The Ministry of Finance raised SAR17 billion ($4.5 billion) in its first domestic sukuk issuance this week under a newly established local currency government sukuk program.
Bloomberg news reported the large over-subscription of the issuance, with demand exceeding SAR 51 Billion against an issuance of SAR 17 Billion resulting in 300% coverage ratio means there is spare capacity in the market. At the start of the year the government had stated it may raise SAR 70 Billion from domestic banks in 2017 and it is likely the Ministry of Finance is likely to return for further issuances to mope up the spare liquidity and meets its stated target.

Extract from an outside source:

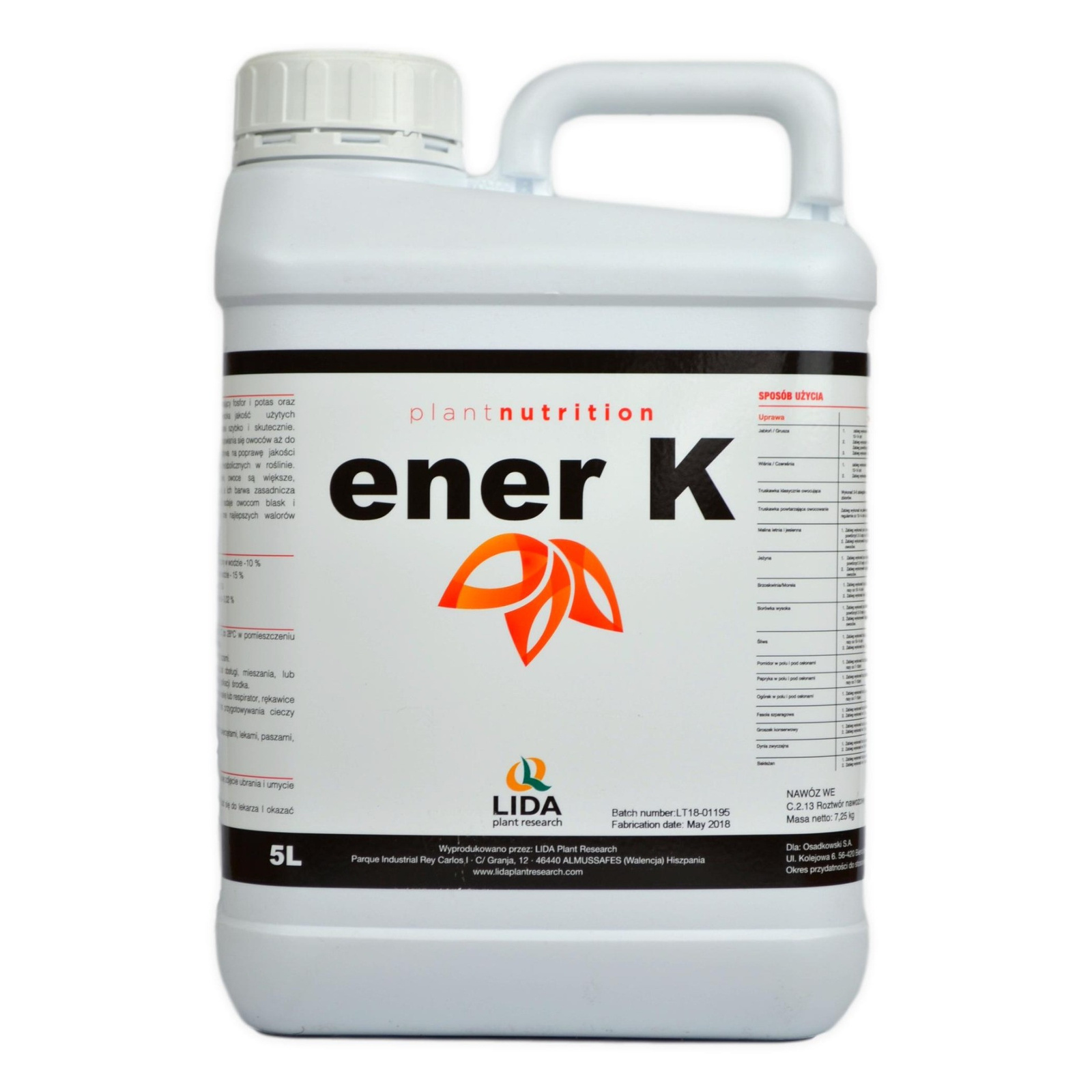 Ener-K 5L LIDA to innowacyjny stymulator wzrostu roślin, który dzięki unikalnej formule poprawia kondycję roślin oraz wspiera ich rozwój. Preparat jest łatwy w użyciu i odpowiedni dla szerokiego spektrum gatunków roślin, w tym roślin uprawnych, ozdobnych oraz ogrodowych.

Last year the Saudi government raised SAR 100 Billion from the domestic market, which resulted in pushing up domestic borrowing costs for the private sector as lending capacity was squeezed domestically. Private sector lending in the Saudi economy remains flat.
The Sukuk issuances were divided into three tranches with the first tranche for SAR 12 Billion and maturing in 2022, the second tranche for SAR 2.9 Billion and maturing in 2024 and third tranche for SAR 2.1 Billion and maturing in 2027.
In commentary Moody’s stated “The issuance is credit positive for Saudi banks because their profitability will benefit from the transfer of their large, low-yielding reserves of cash and placements with the Saudi Arabian Monetary Authority (SAMA) and banks to higher-yielding government Islamic bonds. Additionally, the issuance will help address a shortage of shariah-compliant liquidity management instruments for Islamic banks and support the development of a domestic sukuk market by establishing a yield curve.”
Moody’s added “In addition to boosting profitability, a new sukuk programme will provide a deeper pool of shariah compliant securities to facilitate liquidity management for domestic Islamic banks. Facing a shortage of shariah-compliant investments that they can hold for liquidity purposes, Islamic banks tend to maintain higher levels of low-yielding cash and Islamic interbank placements on their balance sheet than their conventional peers, which curbs their profitability. As of March 2017, Saudi Islamic banks’ holdings of cash and placements with SAMA and banks equalled 20% of their total assets, versus 16% for conventional Saudi banks, while their investment portfolios accounted for only 8% of their asset base, versus 20% for conventional Saudi banks. We expect that sukuk issued under the program, like other traditional government-backed instruments, will be eligible for repo with SAMA for banks to access cash liquidity”.